# Newbie!



## LightingStorm2007 (Dec 22, 2007)

Hi Everybody,
I'm new here. I don't own a Horse, but I'm saving up for one. Currently we own three dogs, three cats, and three rabbits. I own one of the dogs (German Shepherd named 'Zeus'), own two of the cats, and I own all three rabbits!  I came here to learn about Horses, and BTW, my name was supposed to be "LightningStorm2007", I mispelled it!


----------



## buckaroo2010 (Nov 7, 2007)

Nice to meet you Storm  Hope you get alot of info on here about horses! If you would like to know anything feel free to send me a msg and i'll try my best to help you!


----------



## Vidaloco (Sep 14, 2007)

Welcome to the forum Storm. This is a great place to learn about horses. Feel free to jump in at any time. The best way to learn about anything is to ask lots of questions.


----------



## jazzyrider (Sep 16, 2007)

hi there and welcome  as vida said, this is a wonderful source of information and for the most part full of friendly people always willing to help


----------



## free_sprtd (Oct 18, 2007)

Welcome welcome!! ya I know how you feel lol my name was supposed to be "free_spirited" but it didn't work out so now it looks like "free_sported" heheh oh well! 
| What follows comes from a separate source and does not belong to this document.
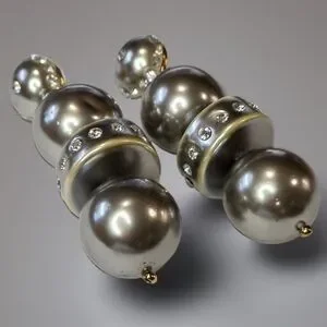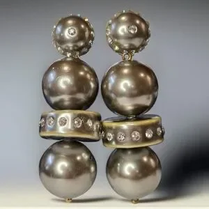 Unique & Fabulous Lele Sadoughi Chunky Silver Ball Distressed Dangle Earrings with Sparkling zircon Crystals

have fun chatting and getting some great opinions and info!


----------



## I Love Lane (Dec 11, 2007)

HI *waves and smiles at you*

WELCOME TO THE FORUM!!!

Lyne


----------



## LightingStorm2007 (Dec 22, 2007)

Thank you so much to you all for the wonderful warm "welcomes"! =) The Arabians have caught my fancy, so I'm doin' a lot of research on them!


----------